Gracie Fields appeared at 9.15pm in an ENSA concert from ‘somewhere in France’ and then there was
A Christmas Cabaret
with Jack Hylton and his Band and Cyril Fletcher. After the news at midnight, the day’s broadcasting closed down at 12.15am. Boxing Day’s radio highlights included steeplechasing from Windsor, football between Sheffield Wednesday and Chesterfield and a live broadcast of the London Coliseum’s pantomime
Cinderella
. ‘In view of all that,’ the
Radio Times
proudly trumpeted, ‘who cares for the blackout? Who cares if it snows?’
If in 1939 the secular aspects of Christmas predominated, the religious element was by no means forgotten nor neglected. Striking an optimistic note, Archbishop of York William Temple reminded readers of
Picture Post
that: ‘On Christmas morning German Christians, French Christians, Polish Christians, Finnish Christians, British Christians, Russian Christians – let us never forget the heroic multitude of Russian Christians – nor the Japanese and Chinese who in the Name of the Christ are all this time making the unity which will unite their nations as friends in days to come . . .’
In an accompanying picture essay, the magazine published two photographs of villagers at Oberammergau at a Christmas service. It reminded readers that ‘for six years, directly and indirectly, the Nazis have been trying to destroy Christianity in Germany’. But it was confident that ‘these men and women in the village of the world-famous Passion Play will outlive the concentration camp, the swastika, the Gestapo’.
In his Christmas Day broadcast, the King had spoken of ‘the great family of nations’ that made up the British Empire and Commonwealth. Only a week before, the first Canadian troops had arrived in Britain. Now, on Boxing Day, a contingent of Australian airmen arrived to serve with the Royal Air Force’s Coastal
Command. In a message to them, Australian air minister J.V. Fairbairn said, ‘A great responsibility rests upon you as members of the First Australian Air Force squadron to come on active service in this country. You will be comrades in a great and just campaign with the men of the RAF, and Australia is confident that you will play your part in whatever spheres you may be called upon to serve.’
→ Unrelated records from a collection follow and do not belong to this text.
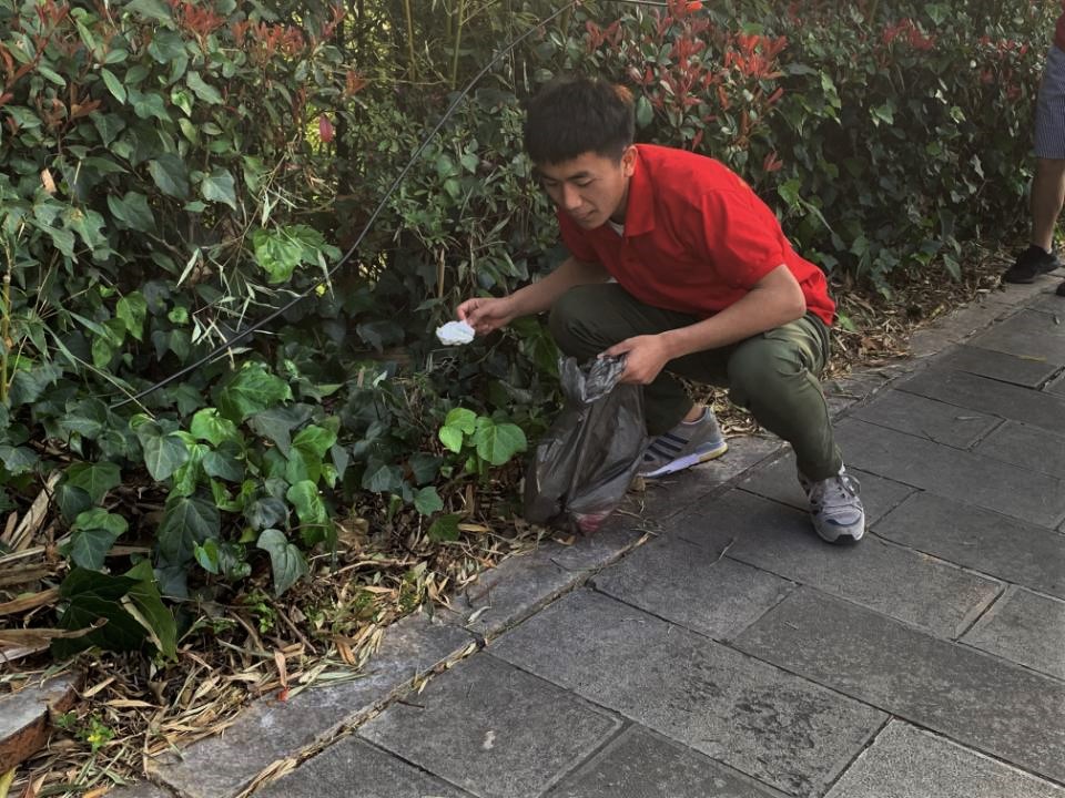 活动中,学生干部们有条不紊地开展清扫工作,他们分工合理,积极配合,一道道红色的身影穿梭在观山楼、勘物楼和学生活动中心周围,途经之处的垃圾都被一扫而光,经过一个多小时的努力,校园焕然一新。
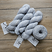 A strong yet soft almost high twist fingering silk with a brilliant pearly luster. It is hand dyed in elegant and vibrant colors perfect for shawls and classy garments.
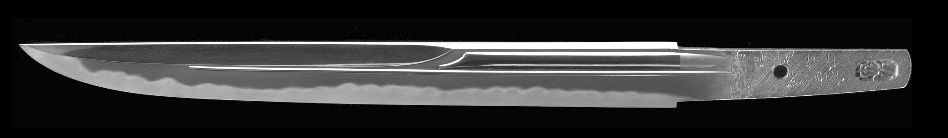 Well, also hi and horimono allow to a certain extent conclusions on the school or smith or the production time of a blade. The most common hi is that of a wide bôhi (棒樋) which was applied by so many schools and smiths and makes it impossible to quote any representative names. By the way, in the case of carved to a tantô or hira-zukuri ko-wakizashi, a wide bôhi is referred to as katana-hi (刀樋). One has to pay attention to how a bôhi was carved into a shinogi-zukuri blade. That means it can be carved directly along the shinogi or slightly set-off. This little leftover of the shinogi-ji is called chiri (チリ). Is the bôhi carved directly along the shinogi and leaves only a chiri towards the mune, we speak of kata-chiri (片チリ), and is the bôhi carved centrally on the shinogi-ji leaving a chiri along the shinogi and along the mune, we speak of ryô-chiri (両チリ). By the way, it is hardly ever seen that a bôhi extends from the shinogi to the very edge of the mune, i.e. leaving no chiri at all, or directly from the edge of the mune leaving just a chiri along the shinogi. A conspiciously wide bôhi is typical for Miike Tenta Mitsuyo (三池典太光世), Osafune Mitsutada (光忠), and Higo no Daijô Sadakuni (肥後大掾貞国), and a noticeably thin bôhi is typical for Sôshû smiths. But we can also see certain tendencies when it comes to the chiri. A kata-chiri is far more often seen on kotô blades with bôhi than on shintô blades. As this feature is so typical for kotô-bôhi, it is again hard to quote any representative names. When it comes to shintô, kata-chiri interpretations are typical for the Horikawa (堀川) school, the Hizen Tadayoshi (忠吉) school, Ogasawara Nagamune (小笠原長旨), Ippei Yasuyo (一平安代), and Yokoyama Sukesada (横山祐定), and are occasionally also seen on blades of Hankei (繁慶) and Kotetsu (虎徹). For shinshintô, we see kata-chiri preferrably at Suishinshi Masahide (水心子正秀), Taikei Naotane (大慶直胤), Oku Motohira (奥元平), Hôki no Kami Masayoshi (伯耆守正幸), and Gassan Sadakazu (月山貞一). For the kotô era, a ryô-chiri is more often seen at non-gokaden than gokaden smiths, for example at the Aoe (青江) school, the Enju (延寿) school (Kunitoki [国時], Kunimura [国村]), the Naminohira (波平) school, at Kashû Yukimitsu (加州行光), or at Kongôbyôe Moritaka (金剛兵衛盛高). Also we learn that a ryô-chiri is more often found on blades from the provinces of Kaga, Echizen, Etchû, Hôki, and Iwami, and on Sue-Niô (末二王) blades. When it comes to shintô, ryô-chiri interpretations are typical for Hankei, Ogasawara Nagamune, Sasaki Ippô (佐々木一峯), Higo no Daijô Sadakuni (肥後大掾貞国), Yamato no Daijô Masanori (大和大掾正則), and Echizen no Daijô Tadakuni (越前大掾忠国). But be careful: There is always the chance that a bôhi with ryô-chiri was later widened and became so a kata-chiri bôhi. Anyway, hi were often added later, a feature called ato-bi (後樋), so grooves are of course only indicators for kantei when they are original to the blade.

And the next day it was announced that the first Indian Army mule companies had joined Lord Gort’s British Expeditionary Force in France. There had been fairly generous Christmas leave allowances for the British Expeditionary Force, but comedian Jack Warner raised a laugh on the BBC’s
Garrison Theatre
when reading a letter from his ‘Bruvver Syd’ out in France: ‘PS: I thought I was coming home on leave this weekend, but Lord Gort thought different!’
Among those, like Syd, unable to get back for Christmas was Rifleman William Smedmore. Writing to his sixty-four-year-old mother at the family home in Glamorgan Street, Pimlico, William told her: ‘We are in good billets here. But not as good as last Christmas, at home with you. I’ll be home next year without fail.’
For those servicemen stationed around Britain and unable to make it home for Christmas, Mr and Mrs E. Maguire of 74 Lynette Avenue, Clapham had come with a novel idea. Writing to
Picture Post
a month before Christmas, they had asked the magazine: ‘If you can find us some eight to a dozen chaps (we are quite indifferent as to who or what they are) we would be glad if they would be our guests for Christmas dinner and a slice off the pudding! The only conditions attached are that they make themselves at home and help us to make the party go with a sing-song afterwards.’